■ **RAW DATA**
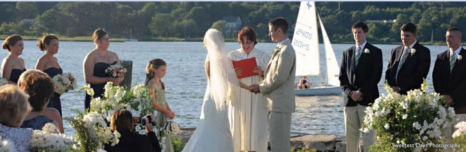
Sweetest Days Photography
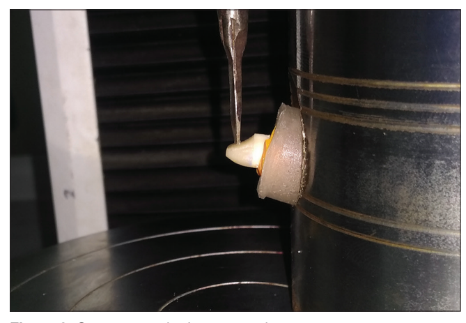
Figure 2: Specimen in the Instron machine

The mean fracture loads after static loading are presented in Table 1. The highest and lowest values of fracture resistance were reported with ZP8 and GFP6 groups, respectively [Figure 3]. One-way ANOVA test within CP, ZP, and GFP groups showed that there was no significant difference in fracture resistance between the posts of length 6 mm and 8 mm in each group. Two-way
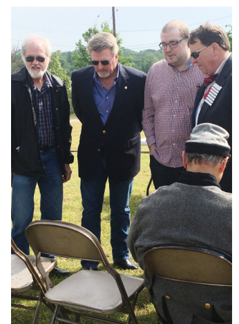
Music by Tonal Recall, Tyler, TX
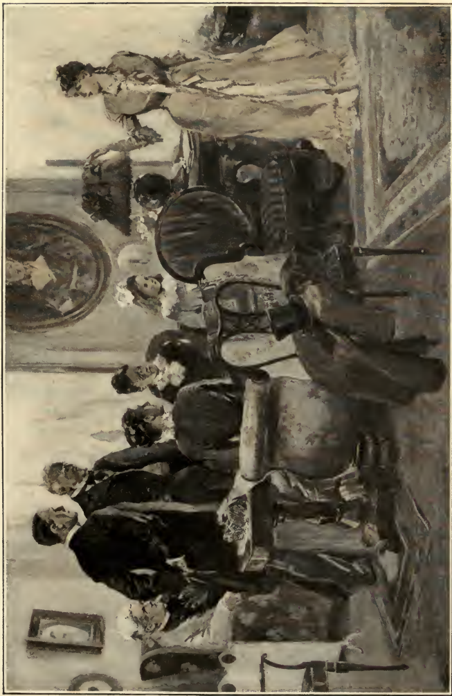
“Yes, but don't count me in , please,” exclaimed Lucy.

■ **WHAT IS BEING ASKED**
Find and copy each line of the listing above that holds the word "Figure".

■ **ANSWER BELOW**
Figure 2: Specimen in the Instron machine
The mean fracture loads after static loading are presented in Table 1. The highest and lowest values of fracture resistance were reported with ZP8 and GFP6 groups, respectively [Figure 3]. One-way ANOVA test within CP, ZP, and GFP groups showed that there was no significant difference in fracture resistance between the posts of length 6 mm and 8 mm in each group. Two-way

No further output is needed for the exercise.